[MATERIAL FOR THIS TASK — start]

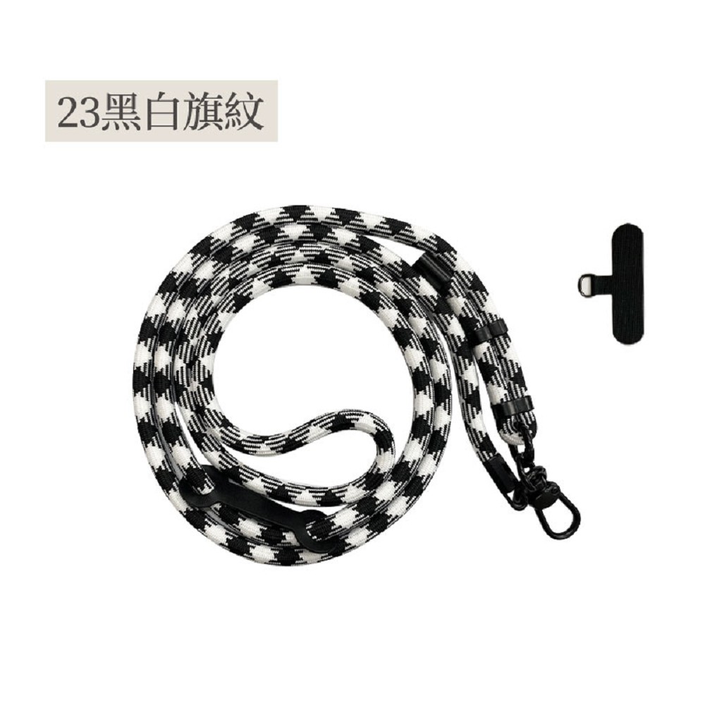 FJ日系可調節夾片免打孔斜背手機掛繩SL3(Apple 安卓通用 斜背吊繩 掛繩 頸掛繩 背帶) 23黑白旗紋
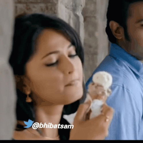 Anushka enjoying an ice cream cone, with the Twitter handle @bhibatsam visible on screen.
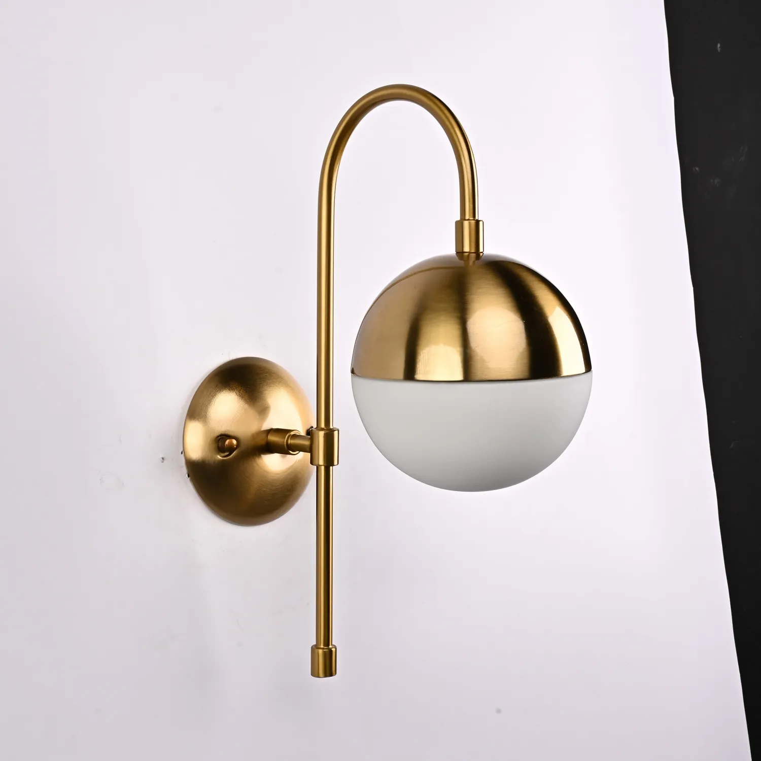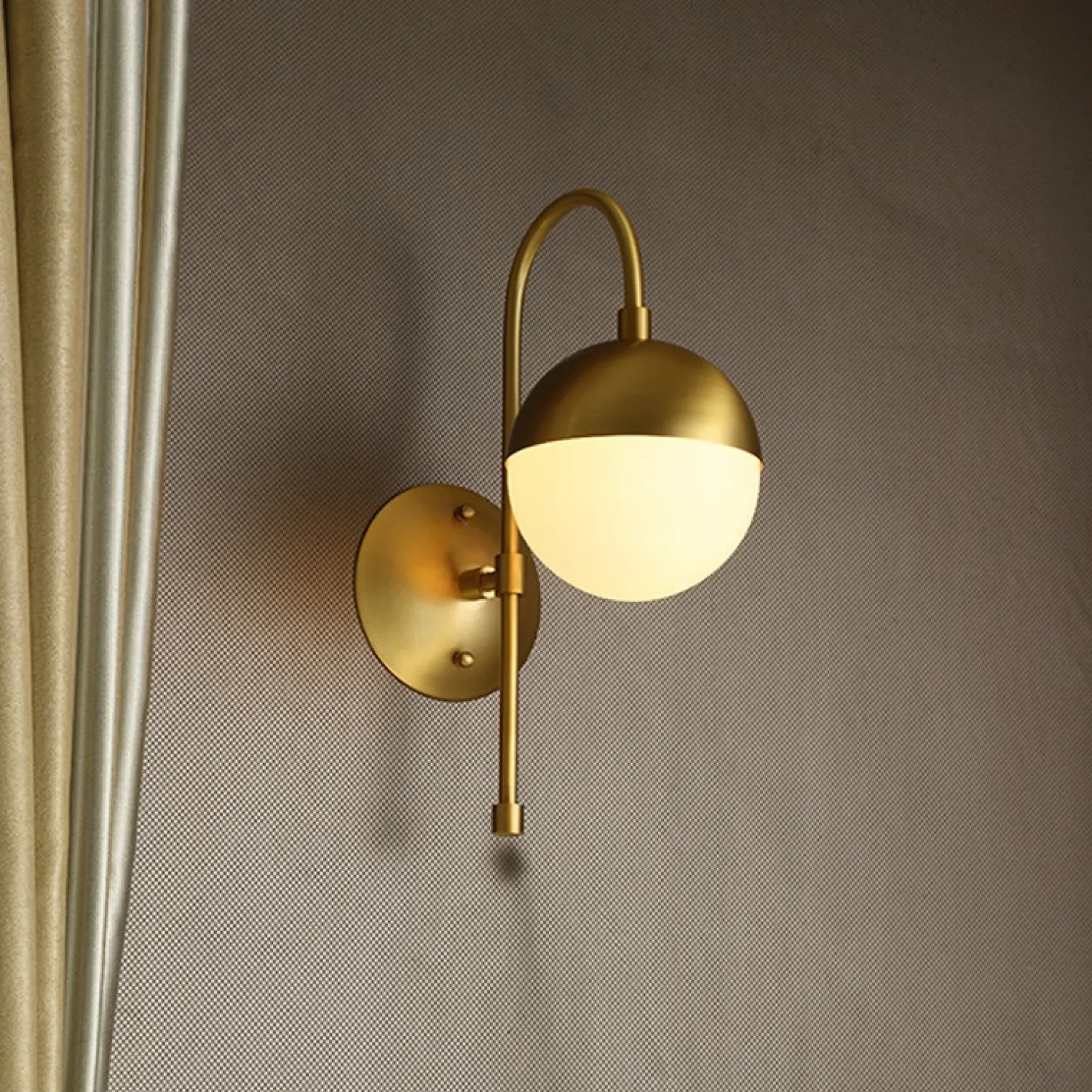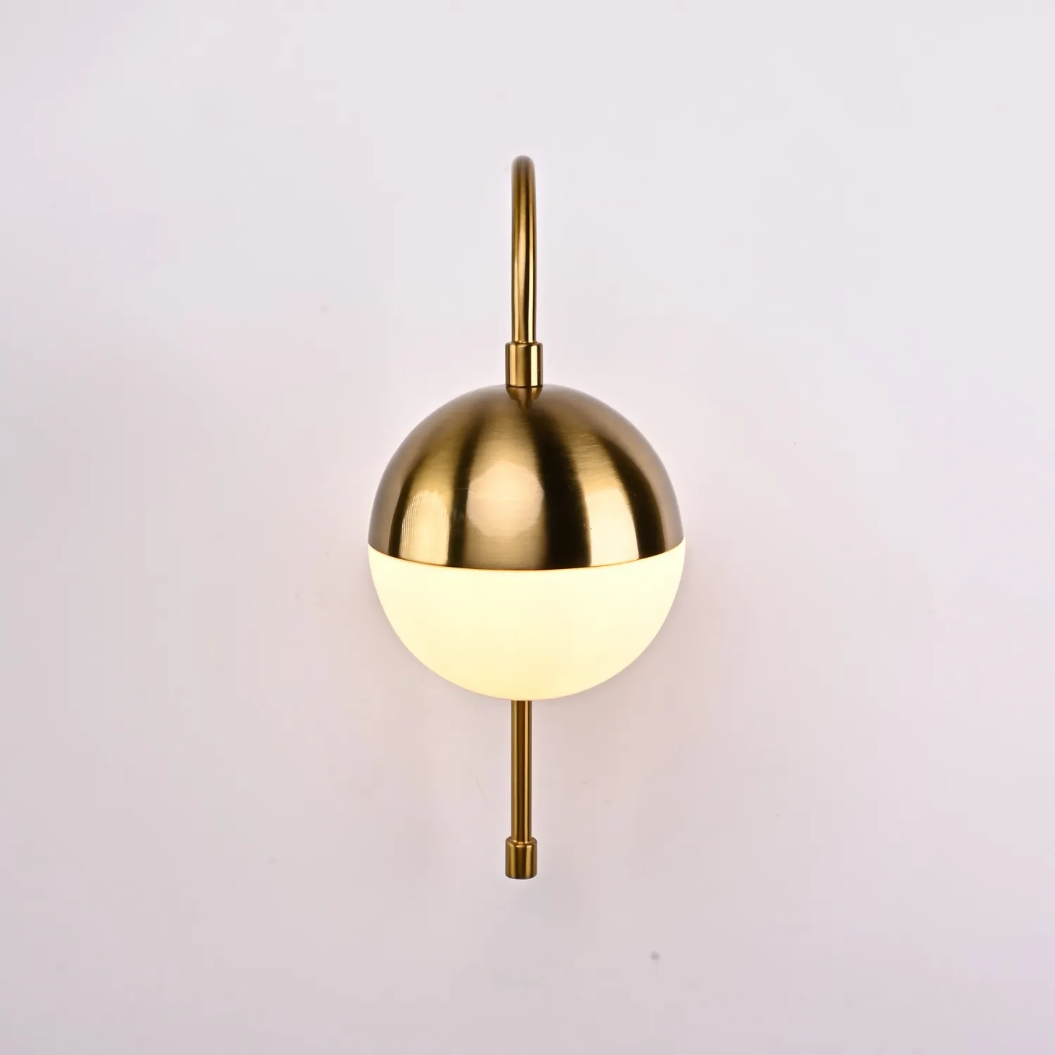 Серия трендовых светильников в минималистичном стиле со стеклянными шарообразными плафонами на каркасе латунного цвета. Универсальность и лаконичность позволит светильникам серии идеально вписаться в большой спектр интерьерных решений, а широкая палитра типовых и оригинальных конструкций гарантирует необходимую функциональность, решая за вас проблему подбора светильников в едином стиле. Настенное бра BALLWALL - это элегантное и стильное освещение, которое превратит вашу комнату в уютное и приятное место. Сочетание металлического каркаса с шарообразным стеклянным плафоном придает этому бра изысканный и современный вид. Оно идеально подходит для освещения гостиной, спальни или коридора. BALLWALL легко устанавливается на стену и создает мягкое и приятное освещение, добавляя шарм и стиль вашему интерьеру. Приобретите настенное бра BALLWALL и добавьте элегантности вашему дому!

[MATERIAL FOR THIS TASK — finish]
[MATERIAL FOR THIS TASK — start]

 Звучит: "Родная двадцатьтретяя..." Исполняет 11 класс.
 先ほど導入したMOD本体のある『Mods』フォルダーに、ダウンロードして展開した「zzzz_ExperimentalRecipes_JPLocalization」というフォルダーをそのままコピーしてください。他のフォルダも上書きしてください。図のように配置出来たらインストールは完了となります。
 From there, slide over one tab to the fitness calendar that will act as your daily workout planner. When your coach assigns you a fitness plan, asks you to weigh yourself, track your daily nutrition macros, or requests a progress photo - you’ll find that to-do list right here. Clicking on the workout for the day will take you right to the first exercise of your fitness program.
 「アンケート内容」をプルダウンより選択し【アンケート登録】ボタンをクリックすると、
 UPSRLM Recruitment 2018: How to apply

[MATERIAL FOR THIS TASK — finish]

## GOAL OF THE EXERCISE
Using the data above, reproduce exactly the lines from the line that contains "Исполняет 11 класс." through the line that contains "From there, slide", including both.

## WRITTEN SOLUTION
 Звучит: "Родная двадцатьтретяя..." Исполняет 11 класс.
 先ほど導入したMOD本体のある『Mods』フォルダーに、ダウンロードして展開した「zzzz_ExperimentalRecipes_JPLocalization」というフォルダーをそのままコピーしてください。他のフォルダも上書きしてください。図のように配置出来たらインストールは完了となります。
 From there, slide over one tab to the fitness calendar that will act as your daily workout planner. When your coach assigns you a fitness plan, asks you to weigh yourself, track your daily nutrition macros, or requests a progress photo - you’ll find that to-do list right here. Clicking on the workout for the day will take you right to the first exercise of your fitness program.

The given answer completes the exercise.